Sanjeev Saxena is the CEO, co-founder and chairman of the board of Actis Biologics. Actis is a Delaware corporation based in Livermore, California USA Sanjeev was a founder and executive VP of ProGenix Biotech, a company focused in the contract development and manufacturing of recombinant proteins using mammalian and yeast cell lines. Prior to ProGenix Biotech, Sanjeev was one of the early founders of Sepragen Corporation, which focuses on the marketing of patented purification technology. He left Sepragen to help start Stereometrix (now called Scanis) a medical device company which focuses on early detection of breast cancer using CAD. Sanjeev returned to Sepragen to head-up international sales and quickly rose through the ranks to be responsible for worldwide sales and marketing of purification tools. In an e-mail interview with Raghu Balakrishnan of Pharmabiz, he discusses Actis' research pipeline and the future plans for India. Excerpts:
Biotherapeutics have revolutionized cancer care, globally. Do you think, bio drugs will continue to have an edge over conventional chem drugs in treating cancer?
In the early 80's there were no biotech drugs available. It was with Genentech and Amgen, the pioneers in biotechnology, we saw the birth of a new era in the field of medicine. Biotherapeutics are now slowly taking over the current market. A case in point to note is the introduction of Avastin from Genentech. The reason for this and other biotech drugs are that they address the cause, i.e. angiogenesis and not just a brut force killing of the cancer cells by chemo or radiation therapies. Having said this, we have learnt there is still a lot more that can be done. Biotechnology is the science which holds that key. Actis scientists are targeting all mechanisms of actions for cancer cells growth. We are attacking cancer at the mRNA level to circumvent the vascularisation process which leads to angiogenesis. We have also found that lack of some proteins or cytokines can cause a tumour to become malignant and hence Actis has taken an approach to fight cancer from multiple angles.
Apart from colon cancer, which are the other segments in oncology where Actis is currently working in? And what stages of development are they in?
Actis is currently developing therapies for various oncology segments. We have promising compounds in phase I, for breast cancer, lung cancer and glioblastoma using a platform technology that utilises mRNA. We also have a phase I compound in clinical development for liver cancer. Besides these compounds, Actis is developing three other preclinical compounds, IL21 (for melanoma, lymphoma, renal cell carcinoma), MSP36 (for breast and prostate cancers) and mutated IgFBP3 (for treatment of prostate and lung cancers). Actis is also actively evaluating a few other molecules to add into our pipeline.
How do new technology platforms enable Actis to develop cancer treatments with less toxicity and more specificity as mentioned in the company's mission statement?
Actis, as mentioned earlier, is using the collective knowledge of some of the pioneers and experience of over 20 years of biotech research.

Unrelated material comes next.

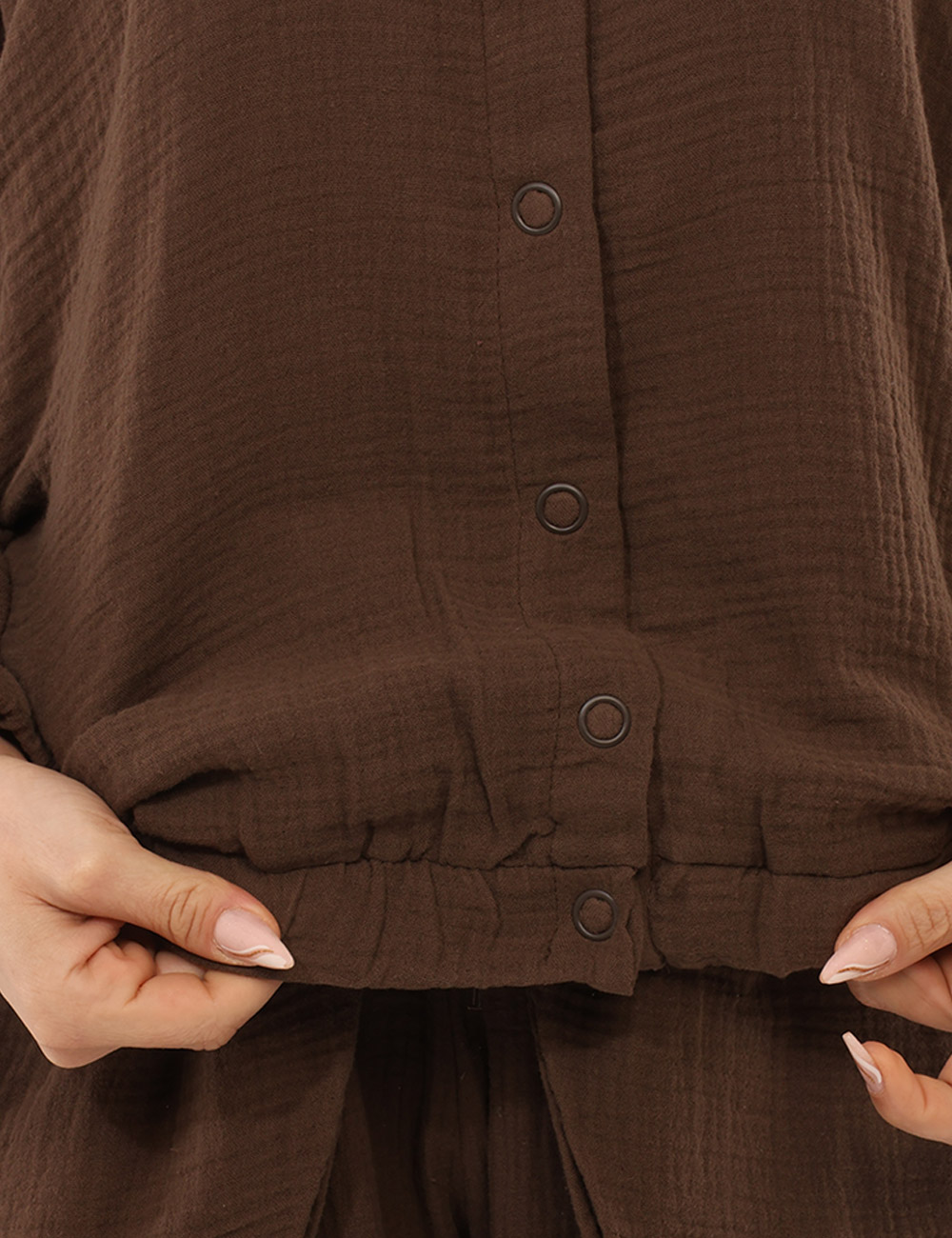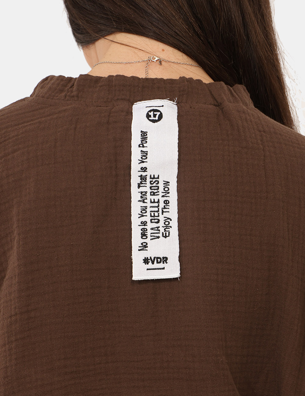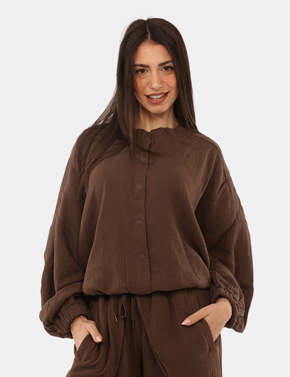 La Camicia VIA DELLE ROSE Marrone è il capo ideale per chi desidera un look femminile, moderno e confortevole durante la stagione più calda. Questa camicia da donna primavera estate unisce praticità e stile in un design contemporaneo pensato per accompagnarti nelle giornate più dinamiche con naturalezza. Il colore marrone dona carattere ed eleganza al capo, rendendolo perfetto per creare outfit versatili e raffinati adatti sia al tempo libero sia a momenti più casual chic. Realizzata in 100% cotone, garantisce leggerezza, traspirabilità e una piacevole sensazione sulla pelle, qualità ideali per affrontare le giornate primaverili ed estive con il massimo comfort. Il design è valorizzato da dettagli che rendono il capo distintivo e femminile: si tratta infatti di una camicia con collo rontondo , elastico in vita e sui polsini, elementi che definiscono la silhouette e donano movimento al modello creando un effetto morbido e contemporaneo. La vestibilità regolare permette di indossarla con facilità e di abbinarla a diversi capi del guardaroba. La Camicia VIA DELLE ROSE Marrone è perfetta da indossare nel tempo libero, durante una passeggiata in città o per una giornata estiva quando desideri un outfit comodo ma curato. Puoi abbinarla facilmente con i suoi pantaloni abbinati per creare un completo coordinato e moderno, oppure indossarla con jeans e sandali per uno stile casual e femminile. La modella è alta 165 cm e veste la taglia S; la vestibilità del capo è regolare. Su SecondaStrada.com trovi solo prodotti originali e accuratamente selezionati. Codice articolo: VS25 17189 SB.
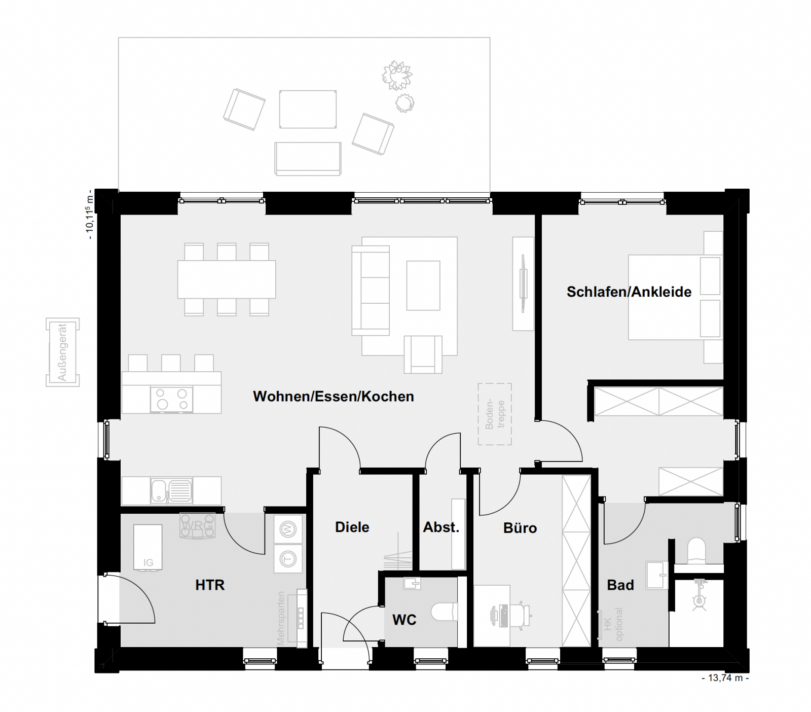 Der Grundriss unseres energieeffizienten Aktionsbungalows ist perfekt durchdacht: Mit dem großen Wohnraum, dem geräumigen Schlafzimmer und einem weiteren Zimmer, das als Büro, Gästezimmer oder zweites Schlafzimmer genutzt werden kann, gibt es Raum für Gemeinschaft, aber auch genügend Rückzugsmöglichkeiten und Privatsphäre. Der Hauswirtschafts- und Technikraum hat einen direkten Gartenzugang, und die Garderobennische im Flur sowie eine extra Abstellkammer sind feine Details der sinnvollen Stauraumplanung.

Pioneers like Dr. French Anderson (Father of Gene Therapy), Dr. Alan Venook (considered to be among the top oncologist in the world from UCSF) and other advisors have been instrumental in the selection of compounds with low toxicity levels. But over and above that, a lot of compounds which we are developing have target specificity. Today's screening technology and assays etc. help in better identification of targets and localised therapies.
When is Actis expecting to commercially launch colorectal cancer molecule that has been currently licensed out from Chiron and Sirna? What could be the potential of the drug?
We expect to have a commercial launch of the molecules Aconc001 by end of year 2007 in India and the following year in Europe and then in the US. The colorectal market is expected to be $5bn worldwide, however, Actis is targeting a segment which is a patients population with high levels of Vegfr1 and for this we expect a market of approximately $3 bn worldwide.
At present, Actis is having tie-ups with Indian firms like Innovasynth for sourcing nucleosides and Shantha Biotechnics for clinical studies. What went behind choosing these firms as partners?
We currently have memorandum of understanding with Innovasynth and Shantha Bio under which we are negotiating our agreements with both companies. We also have other companies that have expressed an interest in tying up with Actis. Negotiations are still underway with both these and other parties. But to answer your question as to how we choose a partner, the main criteria is the interest in the field of oncology and level of expertise in house and outside. Their level of influence (field force for distribution of product) is also important. Hence, there are numerous criteria which go into this selection.
What's your comment on the Indian biotherapeutics market? Does Actis have any plan to enter Indian pharma market on its own in the near future?
I believe the market for Biotherapeutics in India is growing at a very rapid rate with the growth of its middle class, thanks to the IT industry and the liberal policies of the government which has encouraged investment and growth. I feel that the future for biotech in India is very strong and India will turn out to be the next biotech hub.